SFD received a 31% premium and an EBITDA multiple of 7.4x. At first glance, SAFM appears fairly valued with a 7.3x multiple. However unique company specific factors deserve a premium. For example, SFD has lower EBITDA margins (e.g. 6.8% in its pork division and 7.6% in its packaged meat division) and a net debt/equity of ~71%. As previously mentioned, SAFM has higher margins and lower debt, which should translate into at least a 1x EBITDA turn increase.

Moreover, SAFM continues to reduce its debt. This is a significant competitive advantage as the strong balance sheet allows it to survive the inevitable "boom and bust" industry conditions unlike PPC, who filed for bankruptcy in 2008.
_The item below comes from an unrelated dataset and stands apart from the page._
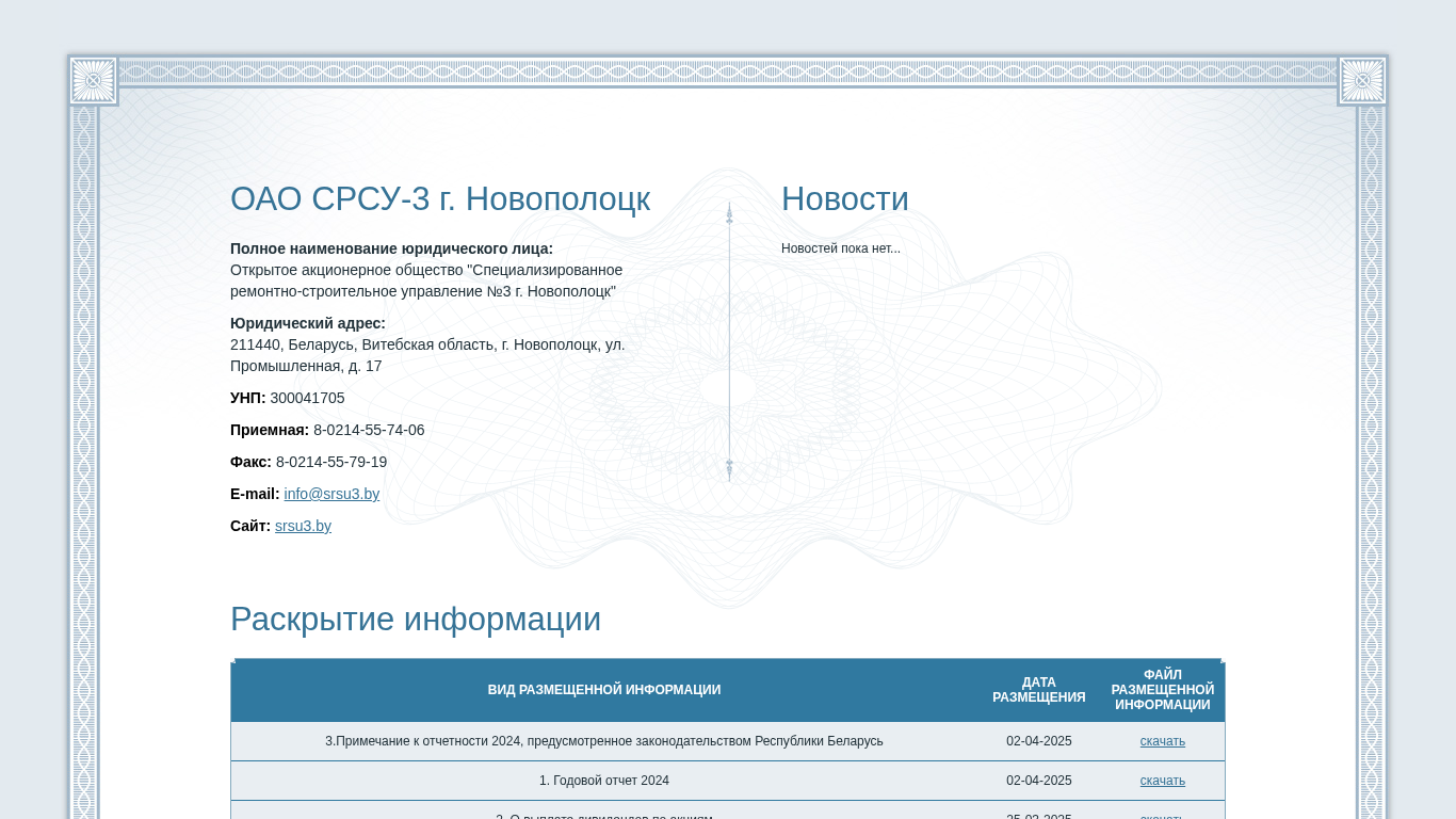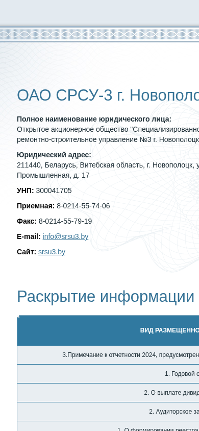 | AI-анализ | This online resource is the official website for Open Joint Stock Company (OJSC) "Specialized Repair and Construction Management No.3 in the city of Novopolotsk" (SRSU-3). The website provides access to various financial reports and documents required by Belarusian legislation, such as annual reports, auditor's reports, and dividend payment information. Users can download these documents in PDF format, with available years ranging from 2018 to 2025. The website also includes a section for forming and maintaining a registry of shareholders and beneficial owners, with available data from 2011 to 2021. The website's URL is srsu3.by, and contact information includes a phone number, fax, and email address for inquiries. There are currently no news articles available on the site. |

The most likely buyer will be Brazilian or Chinese given the increasing protein consumption in emerging markets (due to rising incomes) and need for food safety. In the past decade, China's per capita chicken consumption rose 35%.

If the current valuation discount persists, an activist investor such as Starboard Value could take a relatively small stake and encourage the board to pursue strategic alternatives. This attempt is made easier given that the top five institutional holders own ~41% of the stock and would most likely be receptive to any attempt at maximizing shareholder value. Moreover, the lack of insider control (unlike at TSN) and small absolute size leave SAFM especially vulnerable.

Furthermore, the relatively swift approval by regulators* of the SFD merger means that it is now "open season" on undervalued U.S. assets with a strategic interest to deep pocketed foreign buyers. This should alleviate any fears of rejection on "national security" grounds.

*Anytime a foreign company buys a U.S. company there is the inevitable "foreigners are taking over" fear mongering. This is unwarranted for two reasons. First, we are talking about chickens - not JDAMs. Second, the hypocrisy is surely not lost on foreign buyers of Americans demanding access to foreign markets at the same time they fiercely protect their own.

Risks

Corn/soybean meal exposure. SAFM would be negatively affected by rising input costs, which fluctuate based on a variety of factors including the weather, government policies (e.g. ethanol) and overall economic activity. A $1.00 increase in the average price per bushel for corn would result in a ~$23.5 million increase in cash cost while a $10.00 increase in the price per ton for soybean meal would result in a ~$2.2 million increase in cash cost.

Dependent on price of chicken. SAFM has no control over the price of chicken and would obviously be negatively affected by a decrease.

Potential for avian flu outbreak. All chicken processors including SAFM would be negatively affected by an outbreak of avian flu due to increased safety concerns.

Conclusion

The target price of $76.31 is based on a 8.5x EBITDA multiple.

The 200 DMA ~6% below provides a natural place for a stop loss. The time frame is 12-24 months given the multiple longer-term catalysts.

Disclosure: I have no positions in any stocks mentioned, and no plans to initiate any positions within the next 72 hours. I wrote this article myself, and it expresses my own opinions. I am not receiving compensation for it (other than from Seeking Alpha). I have no business relationship with any company whose stock is mentioned in this article.